# 2002 Sienna front door woofer speaker replacement!



## Raptor22 (Apr 11, 2007)

Hello,

My parents have an 02 Toyota Sienna Symphony, it came with factory JBL speakers, and over the years of wear and tear, the front door woofer speakers got blown out, and now instead of hearing bass, I hear deafening and teeth-shattering RATTLING  The front treble/mid speakers and rear speakers work fine though, so I'm sure it's not the amp.

I have a VERY bad feeling that the dealer will SCREW me over if I went to them for repairs/replacements, so I was wondering if I could do this myself by buying matching pairs of these speakers for cheap and install them myself if it's not too hard/expensive? I read online that those are 30W 6.5 inch 2ohm speakers, want to double check if I'm correct!

I also noticed the door has no panels or screws for the speaker cover, which means I probably have to take apart the whole door? Would be a big hassle, and if prices and circumstances don't allow, then I might as well forget it.

I'd love to hear your advice, thanks a lot!!

Raptor22


----------



## ravian69 (Aug 25, 2009)

Did you get a response to your question on speaker replacement?


----------



## Raptor22 (Apr 11, 2007)

I have this taken care of... quite an old topic and awhile ago!
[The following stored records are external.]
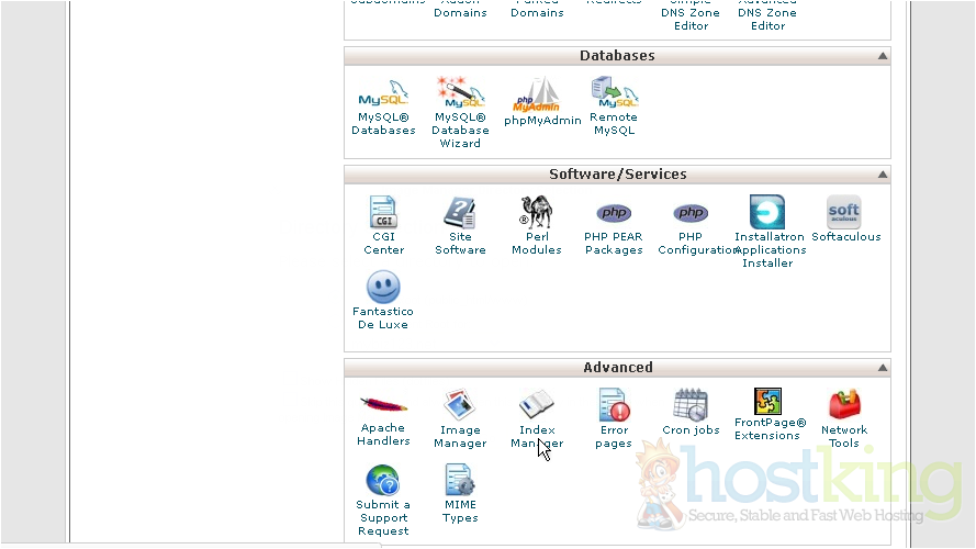 The Index Manager enables you to control how directories on your website are displayed.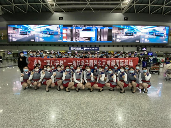 据悉⤵️,2020年11月🚑,北京首都国际机场在西航举行校园专场招聘会,其吸引了众多西航学子报名参加面试,现场开启人从众模式,十分火爆。经过层层选拔,最终共有近500名西航学子成功圆梦,他们共分三批统一前往北京。此次近80名西航学子正是第三批到岗的学生,他们也将在完成为期一个月的岗前培训后正式开启自己的“国门安检”之路。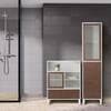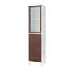 Teamson Home's Tyler Modern Freestanding Linen Tower features a sleek white finish with a pair of cabinets - one enclosed by a glass-panel door and one by a contrasting walnut brown finished door with brass pulls. Versatile and sturdy, each cabinet features an adjustable shelf for custom storage and magnetic latch that operate silently, eliminating clicking or slamming noises. Made of durable engineered wood, includes anti-tipping hardware, safe for spaces throughout your home.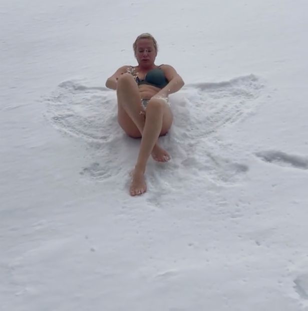 Anna Tereshkova, 52, was filmed performing some “snow angels” in the skimpy outfit in Novosibirsk, Russia, in freezing -20C temperatures.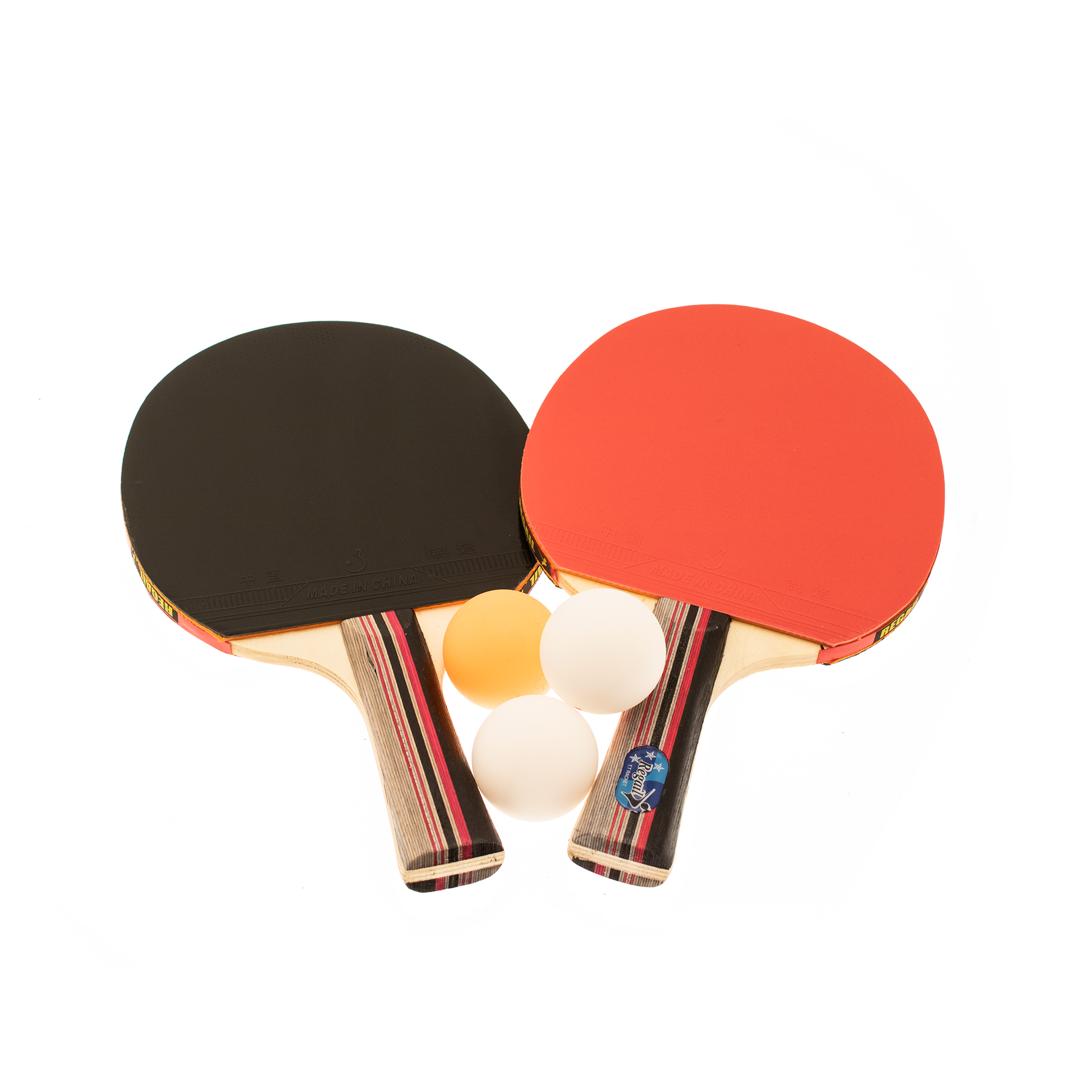 NORDIC Gamesin Basic pöytätennis setti, jossa 2 mailaa ja 3 palloa sekä käytännöllinen pieni vetoketjullinen säilytyspussi.

Thanks.


----------



## lcurle (Oct 5, 2008)

why you bringing up old stuff???


----------



## triciam888 (Oct 26, 2010)

Raptor22 said:


> Hello,
> 
> My parents have an 02 Toyota Sienna Symphony, it came with factory JBL speakers, and over the years of wear and tear, the front door woofer speakers got blown out, and now instead of hearing bass, I hear deafening and teeth-shattering RATTLING  The front treble/mid speakers and rear speakers work fine though, so I'm sure it's not the amp.
> 
> ...


----------



## triciam888 (Oct 26, 2010)

Have a 2002 Toyota Sienna....i am original owner...my lovely daughter blow out my driver's side front door woofer speaker....we have now cut all the bass out of my audio system to get rid of RATTLING....no bass is not acceptable to any true musician... so how did you solve your problem or how do I find such an old post with the answer? ...definitely not taking van into dealership or audio place... have someone who can take apart the door....


----------